# INSTRUCTIONS TO FOLLOW
The task calls for every entry to be printed word for word, without the images.
-------- SOURCE DATA
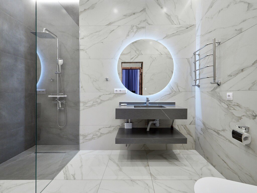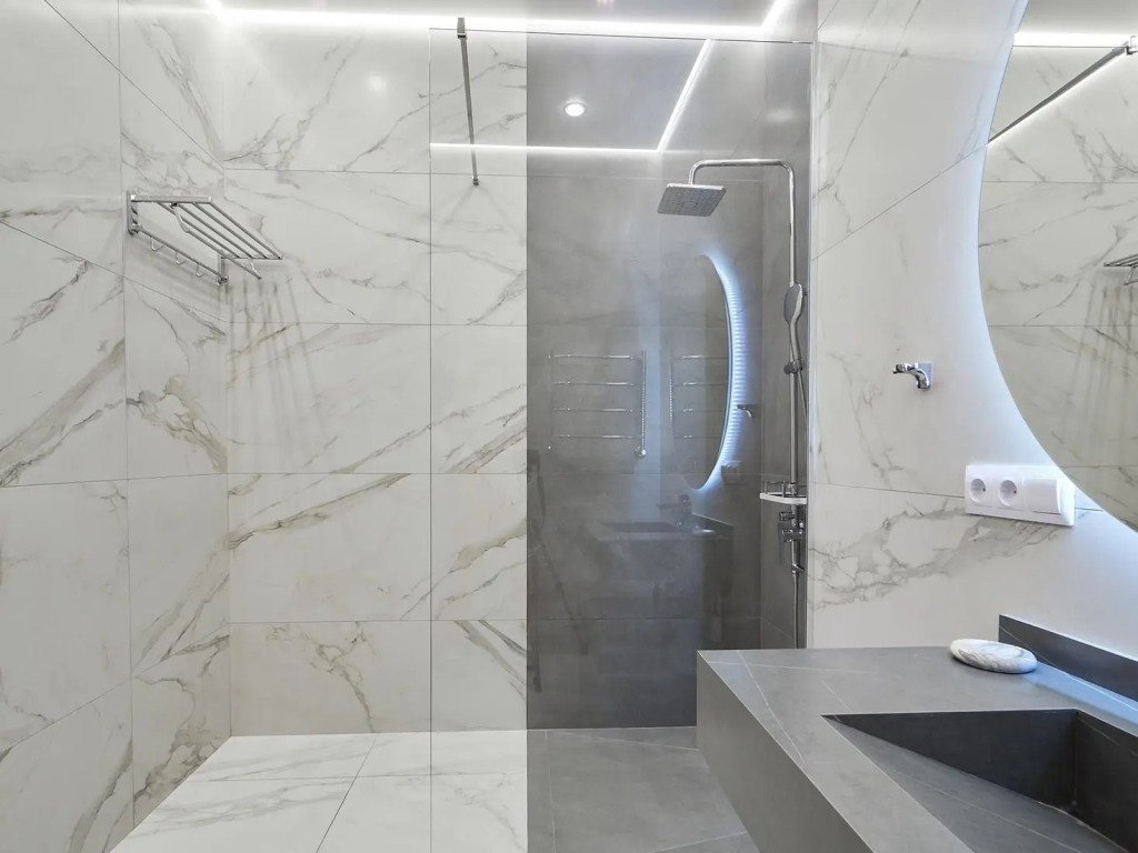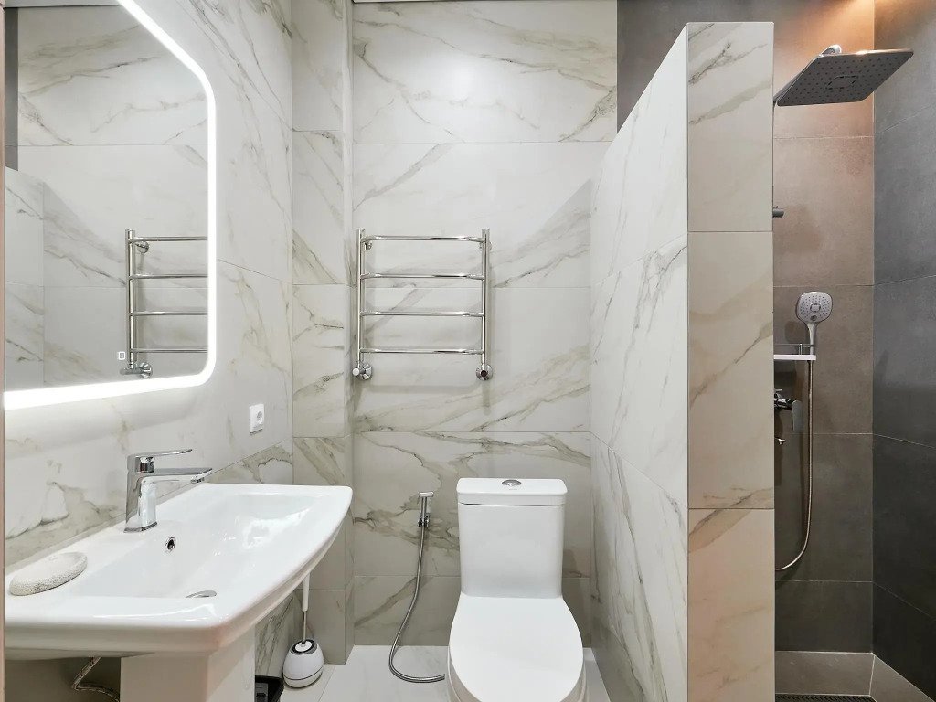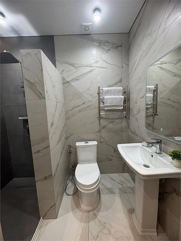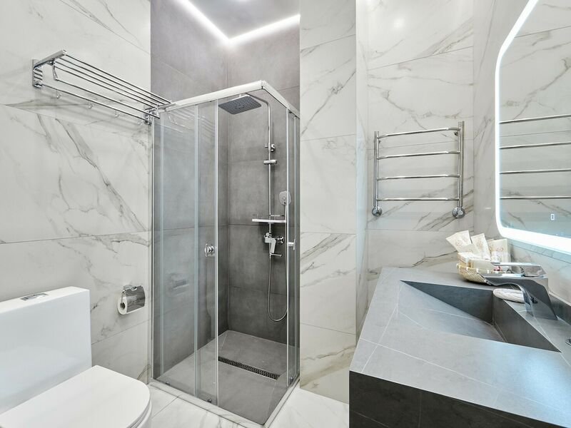 фен, душевая кабина, санузел, теплый пол, халаты, банные полотенца, тапочки, гигиенические средства, раковина, телевизор с плоским экраном, мини-холодильник, шапочка для душа, мылоВ номере
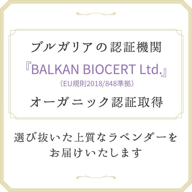 ブルガリアの認証機関『BALKAN BIOCERT Ltd.』(EU規則2018/848準拠)のオーガニック認証を取得しています。
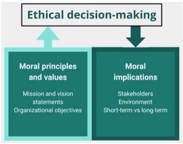- the inputs (moral principles and values) and outputs (the moral implications) of ethical decision-making
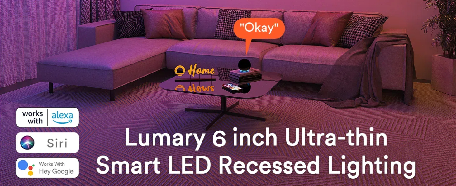 【Smart Recessed Lighting – Voice / Remote Controller】Lumary 6 inch smart WiFi recessed lights works with Alexa and Google Assistant or Remote Controller, no hub required. Free your hands with simple dialogs/buttons to turn on or off smart LED recessed lighting, change colors, and adjust brightness.
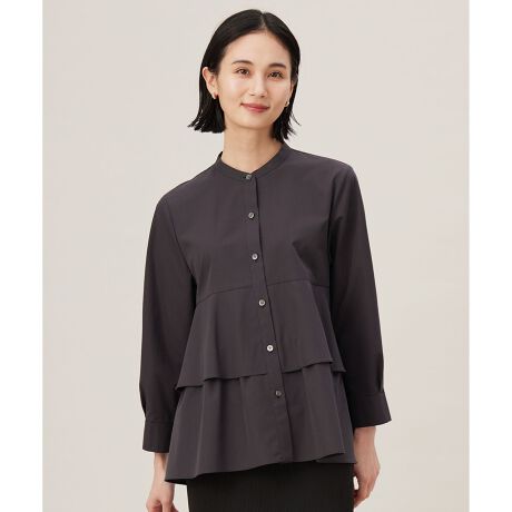 360度美しいシルエットのティアードブラウス■デザイン胸下から緩やかにフレアを出したチュニックブラウスです。フレアの切り替えを2枚重ねのティアードにすることで華やかな印象に仕上げています。ウエストよりも少し高い位置で切り替えることでお腹周りをカバーしてくれます。身頃と袖はややコンパクトにし、着丈に前後差をつけ、後ろに向かってなだらかに長くなる裾がヒップ周りを程よくカバーしつつ、すっきりと見えます。シンプルなパンツに合わせやすいバランスです。■素材細番手で高密度に作られていますが、ソフトな風合いに仕上げた綿100%の素材です。適度なハリがあり、滑らかでしなやかな肌触りです。着用時の透け感があまり気にならないのもポイントです。
----------------
# TASK RESPONSE
 фен, душевая кабина, санузел, теплый пол, халаты, банные полотенца, тапочки, гигиенические средства, раковина, телевизор с плоским экраном, мини-холодильник, шапочка для душа, мылоВ номере
 ブルガリアの認証機関『BALKAN BIOCERT Ltd.』(EU規則2018/848準拠)のオーガニック認証を取得しています。
- the inputs (moral principles and values) and outputs (the moral implications) of ethical decision-making
 【Smart Recessed Lighting – Voice / Remote Controller】Lumary 6 inch smart WiFi recessed lights works with Alexa and Google Assistant or Remote Controller, no hub required. Free your hands with simple dialogs/buttons to turn on or off smart LED recessed lighting, change colors, and adjust brightness.
 360度美しいシルエットのティアードブラウス■デザイン胸下から緩やかにフレアを出したチュニックブラウスです。フレアの切り替えを2枚重ねのティアードにすることで華やかな印象に仕上げています。ウエストよりも少し高い位置で切り替えることでお腹周りをカバーしてくれます。身頃と袖はややコンパクトにし、着丈に前後差をつけ、後ろに向かってなだらかに長くなる裾がヒップ周りを程よくカバーしつつ、すっきりと見えます。シンプルなパンツに合わせやすいバランスです。■素材細番手で高密度に作られていますが、ソフトな風合いに仕上げた綿100%の素材です。適度なハリがあり、滑らかでしなやかな肌触りです。着用時の透け感があまり気にならないのもポイントです。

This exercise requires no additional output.